‘world markets came back fighting’
Image by Word Freak via FlickrRemember To Breathe
Last week’s hysterical plunge in the global markets became this week’s collective rally. It seems that after a week of taking a beating from the panic that seemed to grip everybody, the world markets came back fighting early this week.
On Monday, markets around the globe rebounded sharply, some showing historic and record setting gains. The rally continued on Tuesday with most major players finishing higher than yesterday, priming Wall Street for another up day.
Expected on Tuesday are more details about the US plan to invest in several major banks. News of the investments, similar in scope to measures announced over the weekend by European nations, helped drive the DJIA upward in a record setting session on Monday.
Remember The Alamo
But there are other reasons for the rally. Read what Irwin Kellner of MarketWatch has to say in his ‘Don’t Break Out The Bubbly Just Yet‘ article:
Monday’s rebound in the stock market was most welcome, but it does not necessarily mean that happy days are here again.

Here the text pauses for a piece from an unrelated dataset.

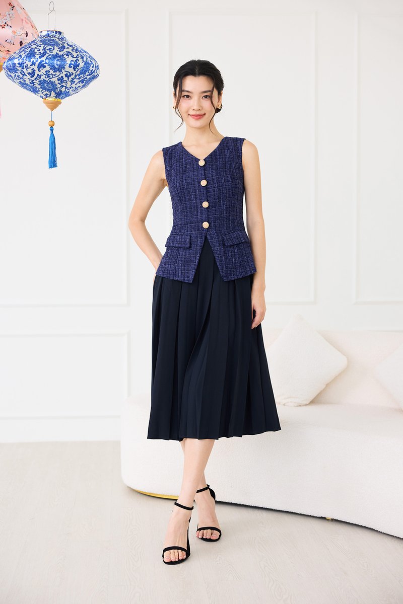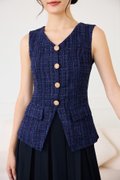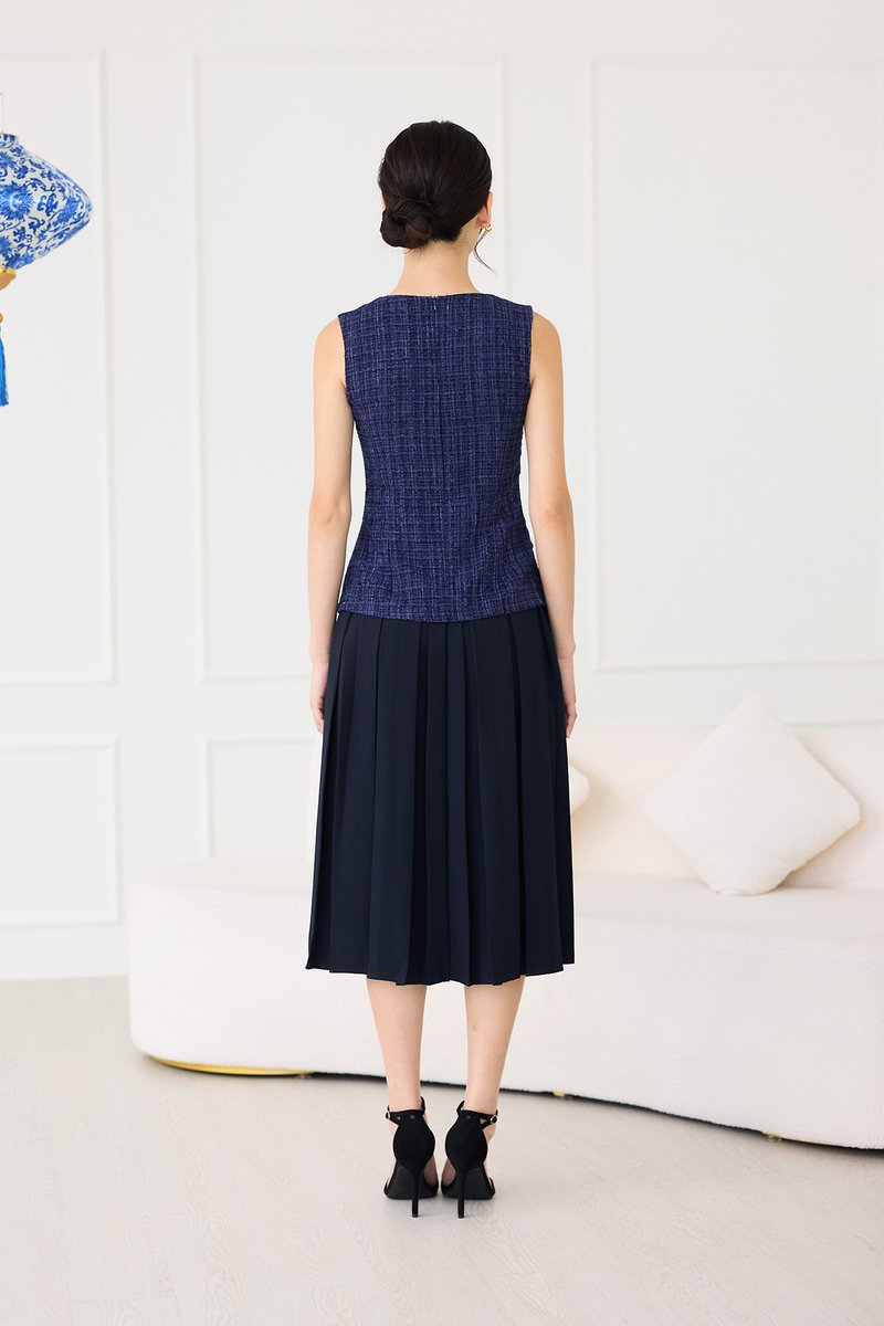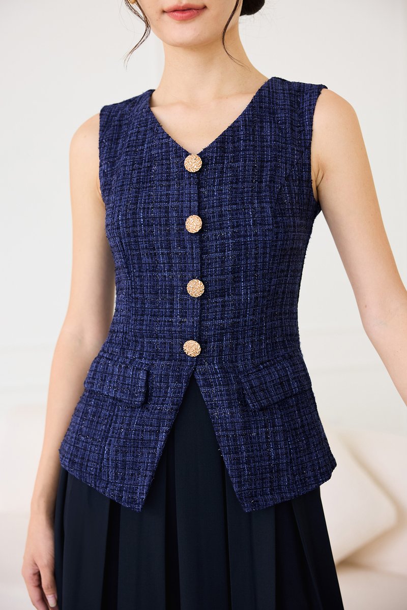 top: tweed material, non-stretchable

There are a number of reasons for Monday’s surge starting with the proverbial “dead cat bounce.” Stocks had plunged so much in such a short period of time that some bounce upward was inevitable.
Another reason had to do with capitulation. Time and again, when everyone throws in the towel after a prolonged decline, there is a selling climax, which invariably turns out to be the bottom for stocks in that cycle. This is what happened Friday morning when the Dow Jones Industrial Average plunged 700 points on the opening.
And guess who sold at this low point? That’s right, the small investor who turns paper losses into actual losses. And the saddest part of this is that many folks sold stocks that were in their 401k plans, meaning that they just lost a big chunk of the money that they were planning to retire on.
On a more positive note, the levels to which stock prices were driven encouraged bargain hunters to emerge from their foxholes. Many well-known stocks with long track records of paying dividends were selling at multi-decade lows by close of business Friday.
Of course, the statements issued by the Group of 7 nations at their meeting over the weekend (which, you should know, had been scheduled to coincide with the annual meeting of the World Bank and the International Monetary Fund), indicating that they would act in unison to bolster the financial system by injecting capital into the banks and virtually guaranteeing their loans, helped a great deal as well.
Indeed, while the stock market has provided all of the fireworks of late, it is really a sideshow to the frozen credit markets, which clearly is the main event. And as I observed last week, thawing them out involves restoring confidence among the banks, themselves, not to say between the banks and others.
He finishes the article with an upbeat reminder that we are, after all, still in a recession. And most economists are agreeing that this one could be rather long and hard, on all of us.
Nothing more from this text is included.